Rupee India: Support yang Berfokus pada Aliran dan Sikap Fiskal yang Lebih Luas – Societe Generale

Rupee India: Support yang Berfokus pada Aliran dan Sikap Fiskal yang Lebih Luas – Societe Generale

Societe Generale mencatat bahwa Pemerintah India dan Reserve Bank of India (RBI) memprioritaskan arus modal masuk untuk mendukung Rupee India (INR) daripada mengetatkan kebijakan. Langkah-langkah tersebut meliputi keringanan pajak dan perluasan akses bagi investor asing dalam obligasi pemerintah, insentif untuk deposito FCNR(B), dan jendela swap concessional European Central Bank (ECB).
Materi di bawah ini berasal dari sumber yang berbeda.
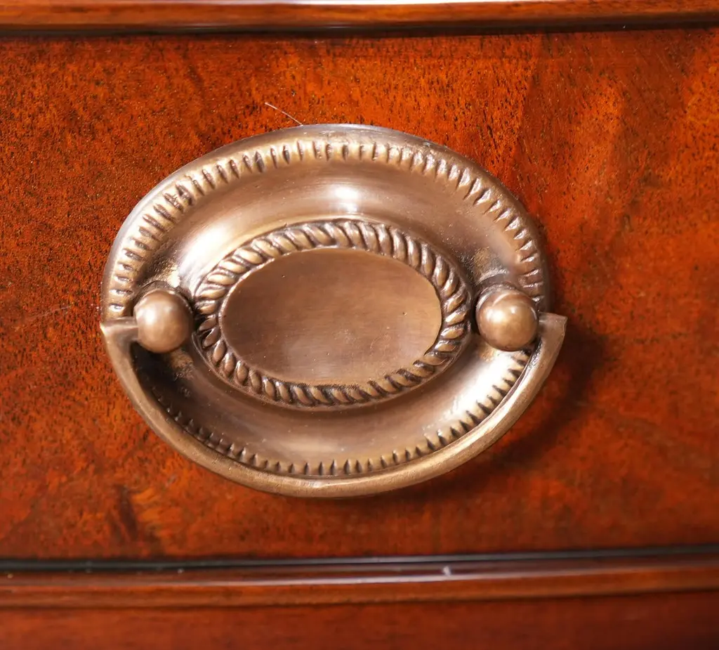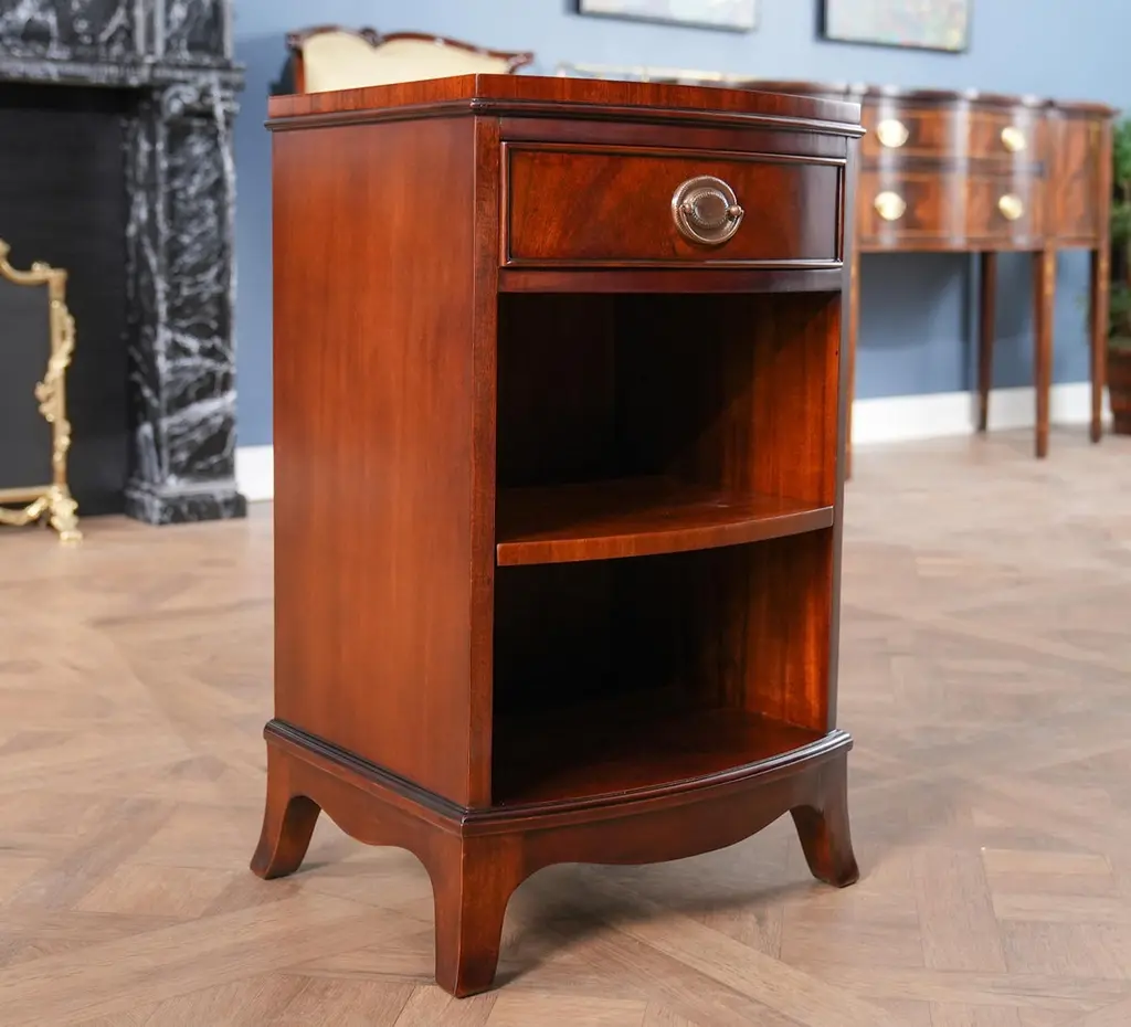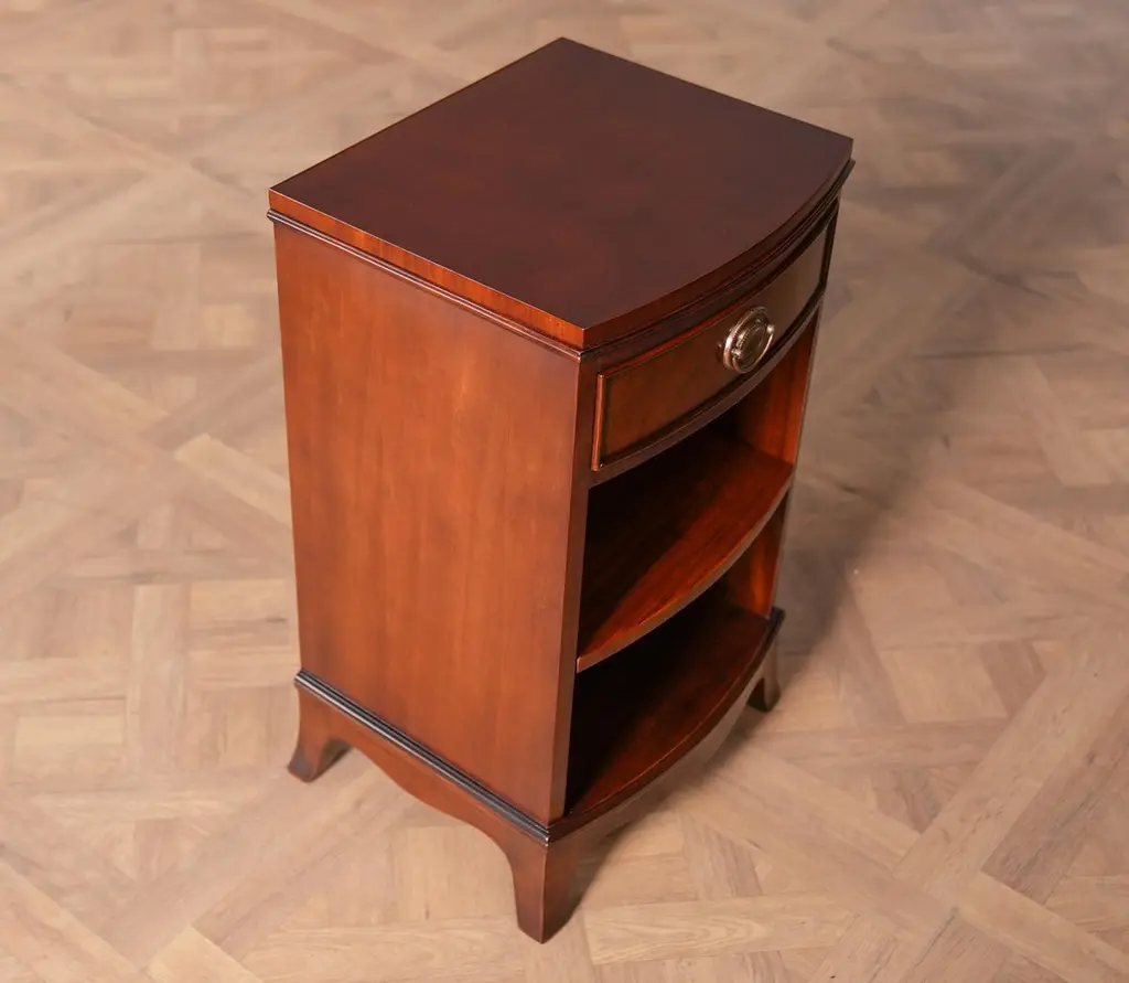 A fine quality Mahogany One Drawer Nightstand featuring hand shaped, solid mahogany details as well as dovetailed drawers. The bowed front creates a beautiful shape, and the single drawers create, and shelf creates a lot of practical storage in a small footprint. The Mahogany One Drawer Nightstand drawer fronts are also accented by antique style, solid brass hardware. Taller than many nightstands this item is also well suited for use as an end table, an entry way piece, an office cabinet.Measures 17″w x 15″d x 29″h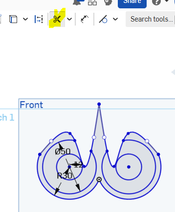 Step 2) Create a 3 point arc. Dimensioned to a radiu of 30, then add a vertical line: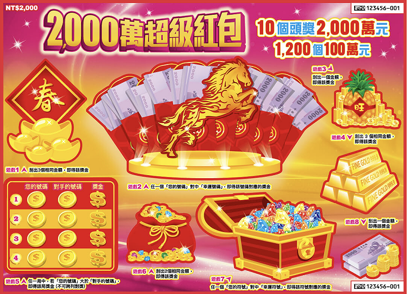 今年農曆春節前,台彩公司共發行 15 款刮刮樂,玩法多元豐富,百萬元以上獎項多達 1,479 個,其中面額最大、頭獎獎金額最高的「2,000 萬超級紅包」,頭獎 2,000 萬元共 10 個、百萬元獎共 1,200 個,總獎金逾 399 億元,刷新歷年春節前發行紀錄。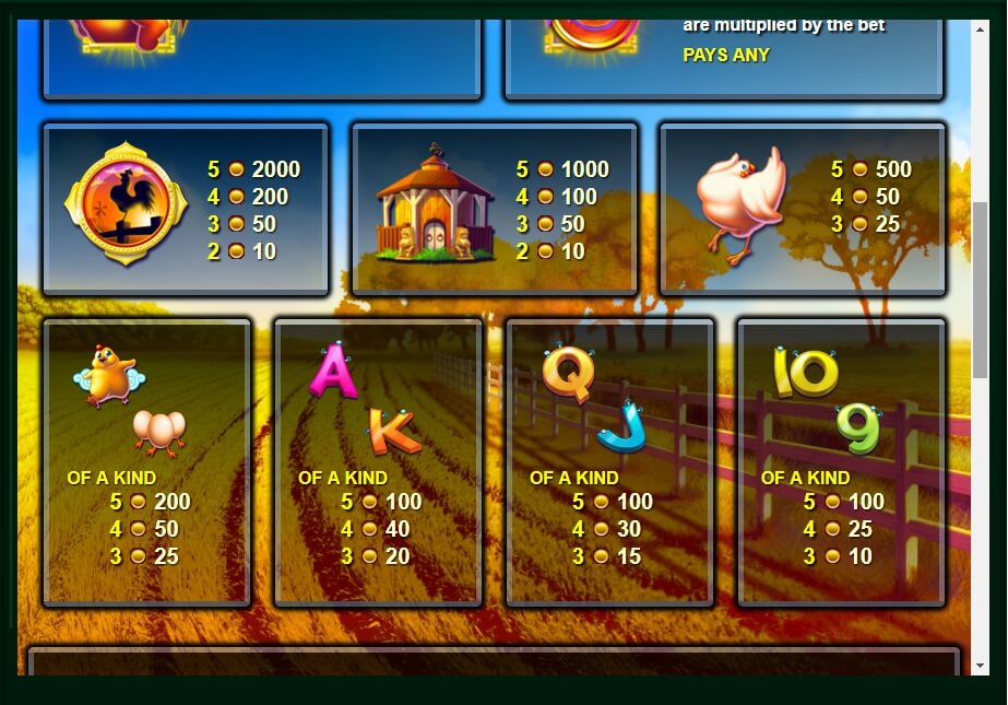 If the gamer obtains five cocks on the fence, he will grab a golden jackpot egg of 2000 points. A cock is a wild element which can occupy a place of any element on the reels No 2, 3 and 4 to build a winning composition. Target pendant is a scatter element which pops on the reels No 2, 3 and 4 only. All the wins obtained with the scatter will be multiplied.

Otoritas juga bersedia mentolerir defisit fiskal yang lebih luas setelah perang.

India Menargetkan Arus Masuk Obligasi dan Stabilitas Valas

"Pemerintah India dan RBI telah beralih ke pendekatan yang didorong oleh arus modal untuk mendukung INR, meluncurkan paket yang bertujuan mendatangkan modal FPI daripada mengetatkan kebijakan."
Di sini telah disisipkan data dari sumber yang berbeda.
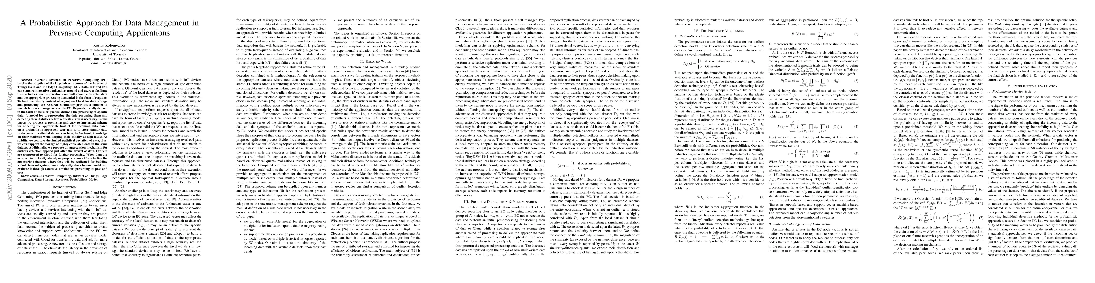 The paper proposes a probabilistic approach for data management in pervasive computing applications, focusing on edge computing (EC) nodes. It involves pre-processing data, detecting their statistics, and employing a probabilistic model for selecting the appropriate host for incoming data based on similarity and statistical deviation. The model also includes an outlier detection mechanism for transferring outliers to the cloud and a replication model for fault-tolerant systems.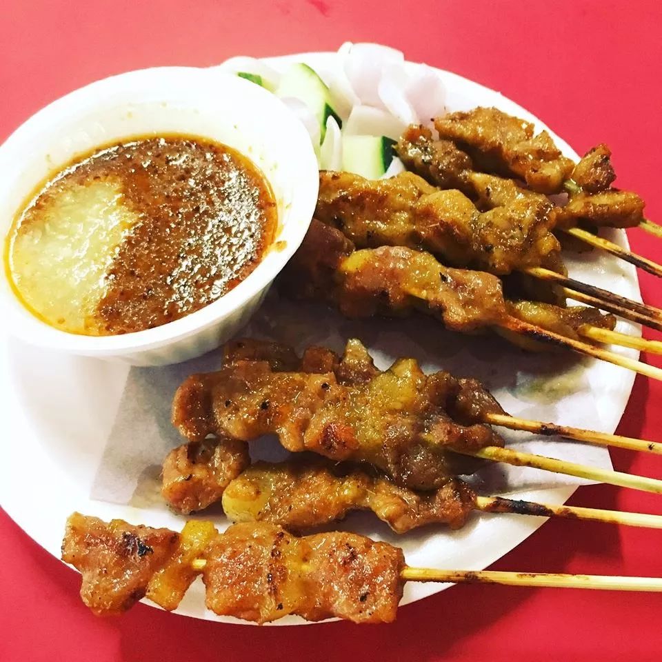 又是一家深藏在小贩中心的美食,做的是沙爹烤串,店小名气却大!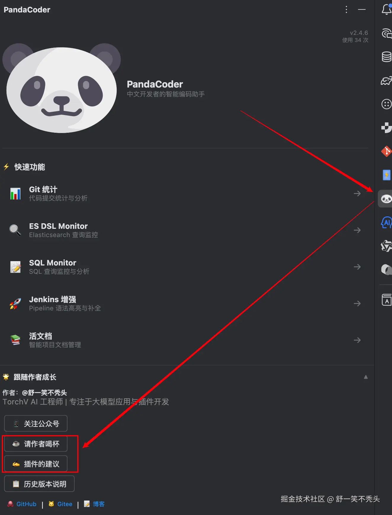 在PandaCoder的设计中,我刻意将"✍️ 插件的建议"功能置于"☕️ 请作者喝杯"之前。这不是偶然,而是基于一个深刻的洞察:

"Penghapusan pajak pemotongan untuk FPI atas pendapatan G-sec, perluasan jalur FAR, dan pelonggaran batas investasi dirancang untuk memperdalam arus masuk pasar obligasi."

"Pada saat yang sama, bank-bank telah diberi insentif untuk meningkatkan deposito FCNR(B) dengan suku bunga menarik (6–7%+), dengan RBI menyerap biaya lindung nilai."

"Jendela swap concessional ECB juga menghidupkan kembali pinjaman offshore, memperkuat dorongan yang lebih luas untuk mengatur arus masuk dolar dan menstabilkan INR."

"Pemerintah India terbuka untuk membiarkan defisit fiskal melebar hingga sebesar 4,8% dari PDB dibandingkan target sebelumnya sebesar 4,3% menyusul perang yang sedang berlangsung."

(Artikel ini dibuat dengan bantuan alat Kecerdasan Buatan dan ditinjau oleh editor.)